About 10 other educators participated in the Lunch and Learn conversation, where Patricia introduced the framework and principles embodied in the land-based approach to learning. Focusing specifically on why it is necessary and how it can align with the personal, educational, and community commitments to reconciliation, she highlighted strategies to support educators and families and shared resources for further education.

Together, the conversation participants reflected on Indigenous science – called traditional ecological knowledge – as a perennial wisdom tradition that has much to teach western science, and on how both Indigenous, land-based science and Western science can be used together to strengthen ecological and governmental policies that respect and sustain the environment.

Lunch and Learn: Conversations to share insights and experiences on the journey towards reconciliation

SelfDesign’s Lunch and Learn series is a free professional growth opportunity offered to all SelfDesign contractors and educators as part of our commitment to help our community deepen their understanding and awareness of the First Peoples’ Principles of Learning and the journey towards reconciliation.
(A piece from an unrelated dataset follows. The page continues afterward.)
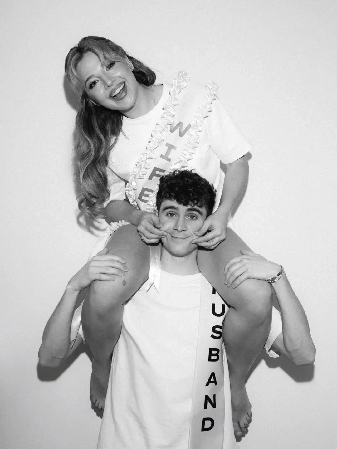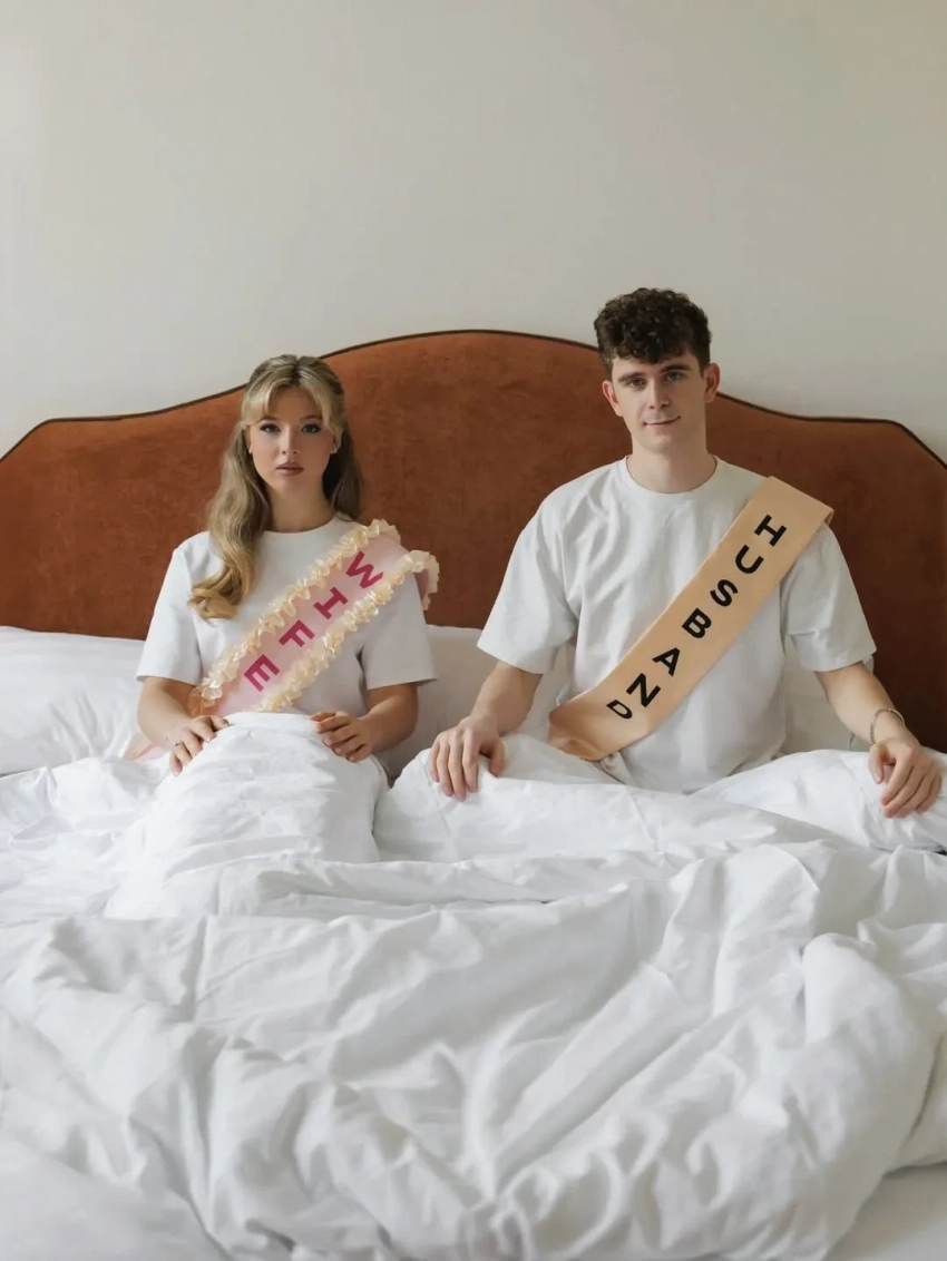Блогеры Аня Покров и Артур Бабич, которые поженились 6 апреля, на следующее утро выложили в инстаграме* необычную фотосессию. Вместо более праздничных нарядов молодожёны выбрали простые футболки и ленты с надписями "муж" и "жена".

Held at the end of March, the conversation that Patricia led was the third conversation in this learning year’s series, which was inspired by workshops and discussions presented last November at IndSpire’s National Gathering for Indigenous Education.

Indspire is an Indigenous national charity that invests in the education of Indigenous people. Every fall, its national gathering provides educator-led workshops that allow their peers to refresh and renew their passion for teaching by meeting other educators and learning more about best practices in Indigenous education.

“We sponsored a team of 10 educators from SelfDesign to attend IndSpire to find ways to strengthen the learning experiences of Indigenous students and further the dialogue about reconciliation in our organization,” says SelfDesign Learning Community Principal Catherine Dinim. The varied group who attended was made up of learning consultants from kindergarten to grade 12, learning specialists for grades 10 to 12, and curriculum design and educational support team members. “Those educators have since been leading Lunch and Learn conversations to talk about what they learned and share those learnings with others in SelfDesign who didn’t go to the conference.”

She calls the approach to the series “an investment in our educator community and in the organization’s commitment towards reconciliation. It’s that idea of investing in and connecting with new ideas and inspirations and sharing them on.”

Rounding out the series for the year was a discussion with Gitxsan Elder Michael Harris. Michael has shared his culture and wisdom with our learners and educators at camps, commencement ceremonies and other events over many years, and we are grateful for his continued generosity as we move forwards and advance reconciliation.

How we work to advance reconciliation

Our Lunch and Learn series is just one way in which we seek to integrate, strengthen and deepen Indigenous culture and perspectives in the SelfDesign experience.

We work to integrate the First People’s Principles of Learning into all that we do. We carefully curate authentic resources to help learners explore and understand Indigenous ways of being, seeing and knowing. We provide grants for Indigenous learners to connect with and learn about their cultures and languages. We offer learners opportunities to connect with Indigenous Elders, traditional knowledge keepers, Indigenous educators and each other.

These and all of our other efforts are driven by the recommendations put forward in 2017 by SelfDesign’s Indigenous education task force, which included a First Nations elder, a First Nations SelfDesign parent and learner, and SelfDesign Indigenous educators.